### THE DATA

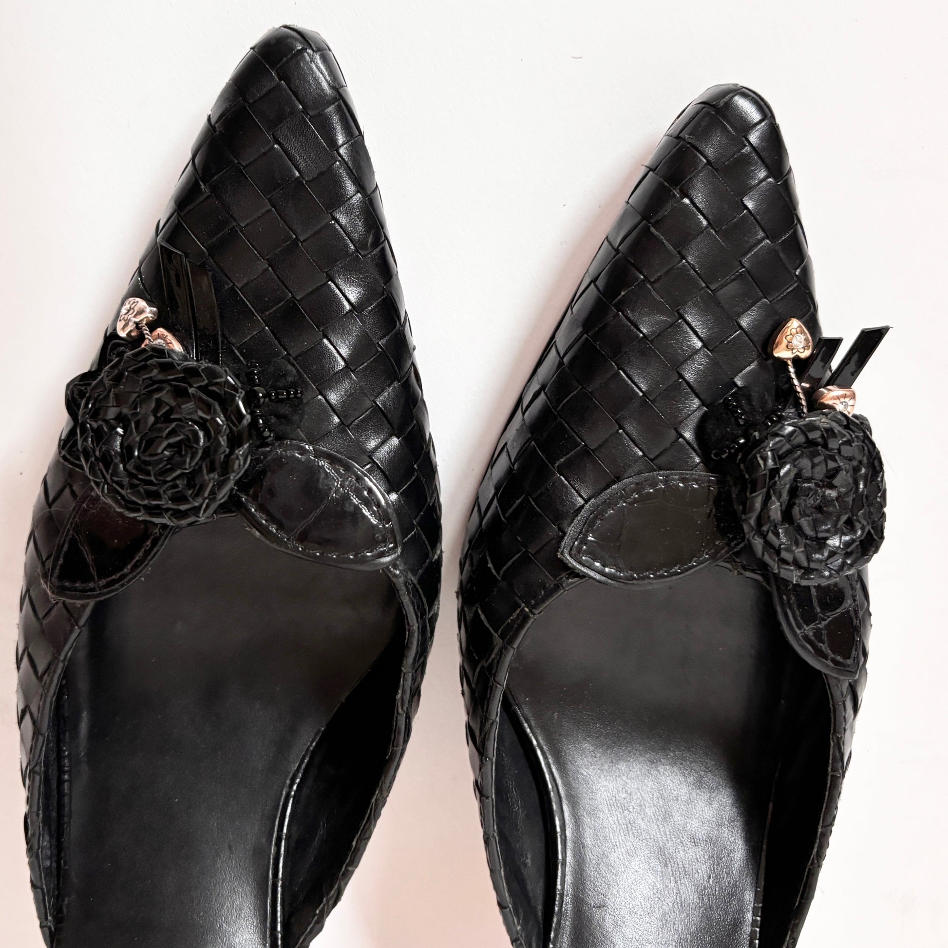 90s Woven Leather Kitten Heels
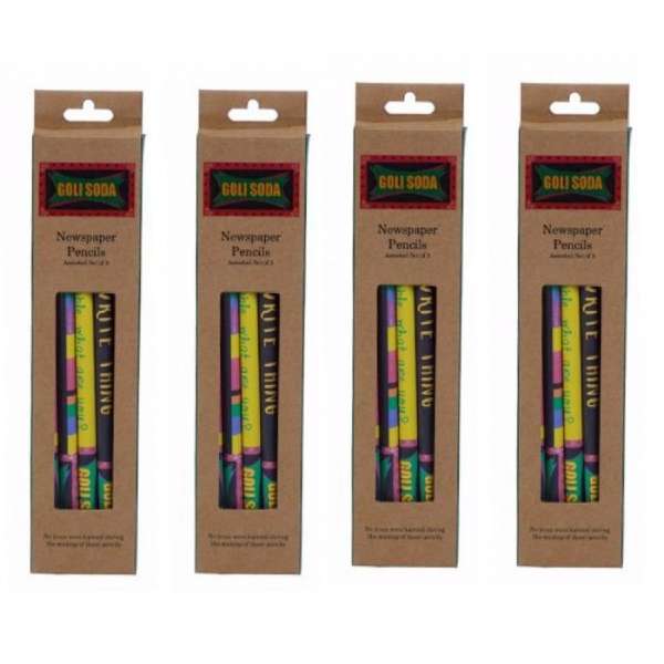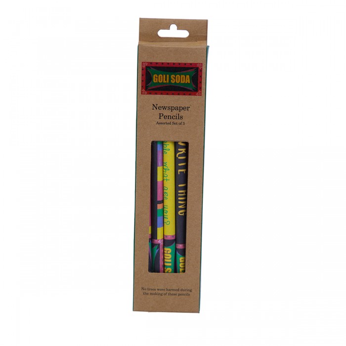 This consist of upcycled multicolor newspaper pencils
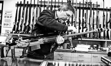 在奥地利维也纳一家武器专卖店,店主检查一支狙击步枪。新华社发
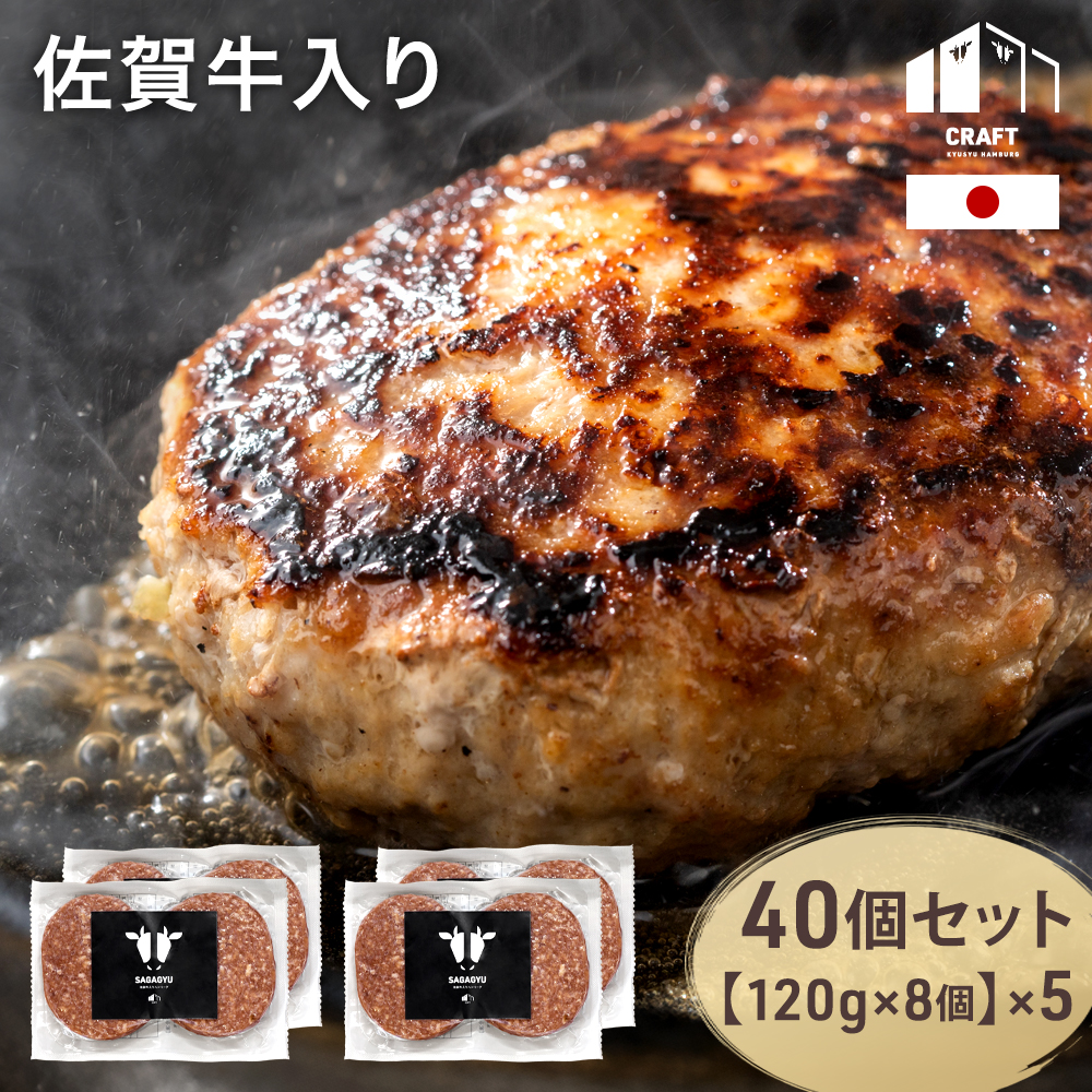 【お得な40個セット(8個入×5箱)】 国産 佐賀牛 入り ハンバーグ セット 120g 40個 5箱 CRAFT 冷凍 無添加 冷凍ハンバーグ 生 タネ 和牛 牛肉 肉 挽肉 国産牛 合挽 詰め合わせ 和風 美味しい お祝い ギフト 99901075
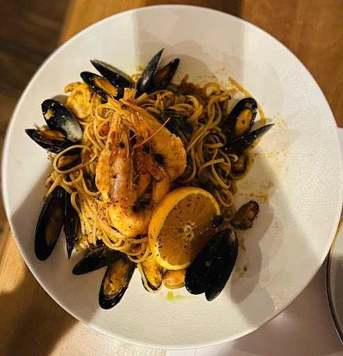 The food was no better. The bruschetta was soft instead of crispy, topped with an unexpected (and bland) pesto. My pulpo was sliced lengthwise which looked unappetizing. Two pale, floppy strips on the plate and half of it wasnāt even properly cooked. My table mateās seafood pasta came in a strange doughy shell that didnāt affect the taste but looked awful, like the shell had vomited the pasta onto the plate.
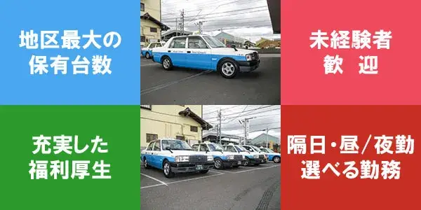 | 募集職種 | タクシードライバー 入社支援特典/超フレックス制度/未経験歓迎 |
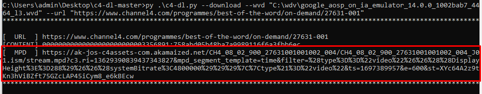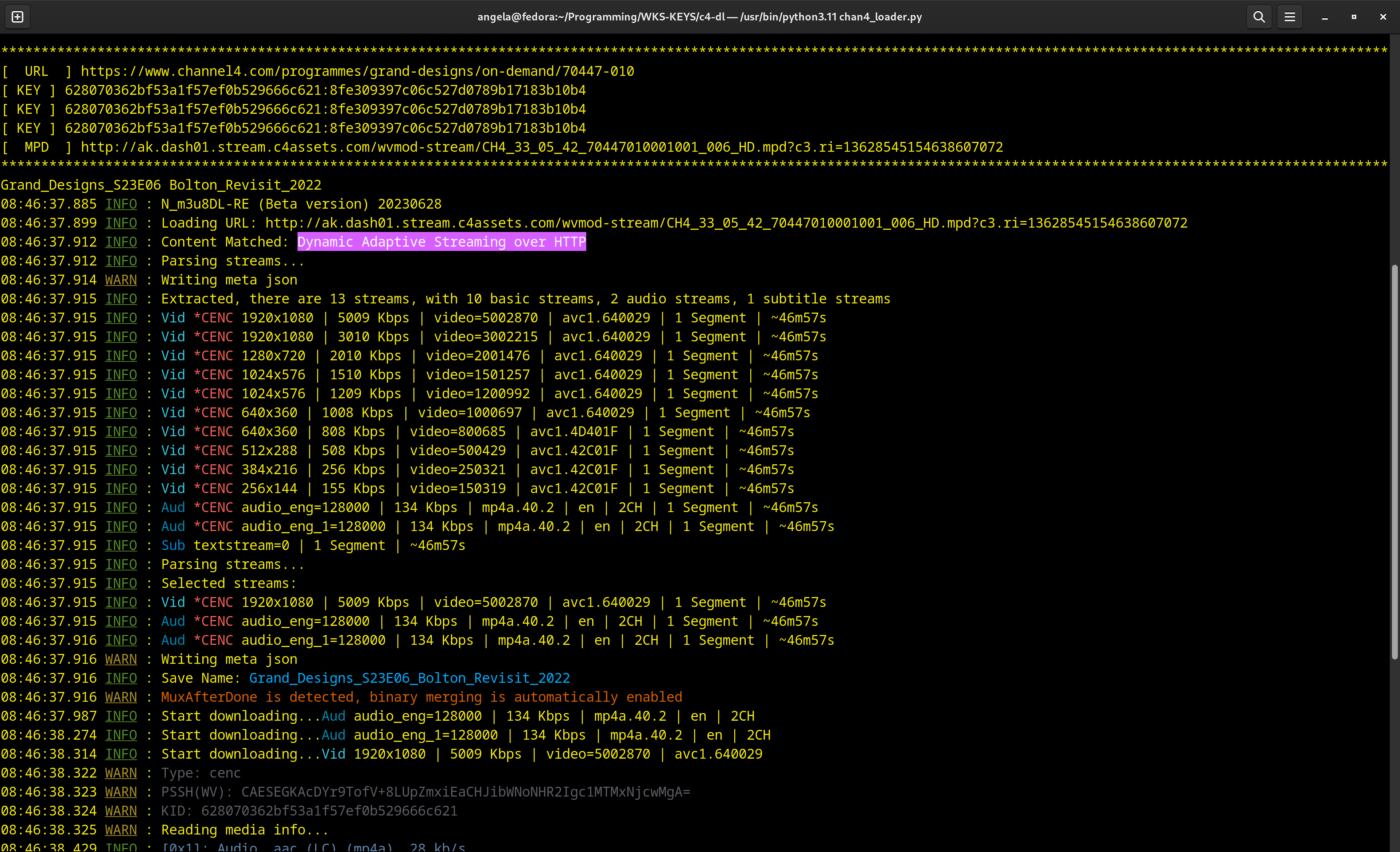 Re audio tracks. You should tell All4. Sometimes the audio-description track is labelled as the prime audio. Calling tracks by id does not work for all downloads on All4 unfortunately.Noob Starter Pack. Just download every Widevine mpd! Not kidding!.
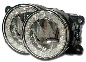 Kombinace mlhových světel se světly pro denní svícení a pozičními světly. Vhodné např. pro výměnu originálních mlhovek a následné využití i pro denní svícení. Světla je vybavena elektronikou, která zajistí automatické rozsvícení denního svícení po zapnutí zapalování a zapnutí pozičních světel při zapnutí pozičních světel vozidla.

######

WORK TASK ▸ Would you reproduce, exactly and with nothing added, every line from the beginning of the entries above through the line that contains "Re audio tracks.", both included, leaving out the pictures?

ANSWER TO THIS PROBLEM ▸
 90s Woven Leather Kitten Heels
 This consist of upcycled multicolor newspaper pencils
 在奥地利维也纳一家武器专卖店,店主检查一支狙击步枪。新华社发
 【お得な40個セット(8個入×5箱)】 国産 佐賀牛 入り ハンバーグ セット 120g 40個 5箱 CRAFT 冷凍 無添加 冷凍ハンバーグ 生 タネ 和牛 牛肉 肉 挽肉 国産牛 合挽 詰め合わせ 和風 美味しい お祝い ギフト 99901075
 The food was no better. The bruschetta was soft instead of crispy, topped with an unexpected (and bland) pesto. My pulpo was sliced lengthwise which looked unappetizing. Two pale, floppy strips on the plate and half of it wasnāt even properly cooked. My table mateās seafood pasta came in a strange doughy shell that didnāt affect the taste but looked awful, like the shell had vomited the pasta onto the plate.
 | 募集職種 | タクシードライバー 入社支援特典/超フレックス制度/未経験歓迎 |
 Re audio tracks. You should tell All4. Sometimes the audio-description track is labelled as the prime audio. Calling tracks by id does not work for all downloads on All4 unfortunately.Noob Starter Pack. Just download every Widevine mpd! Not kidding!.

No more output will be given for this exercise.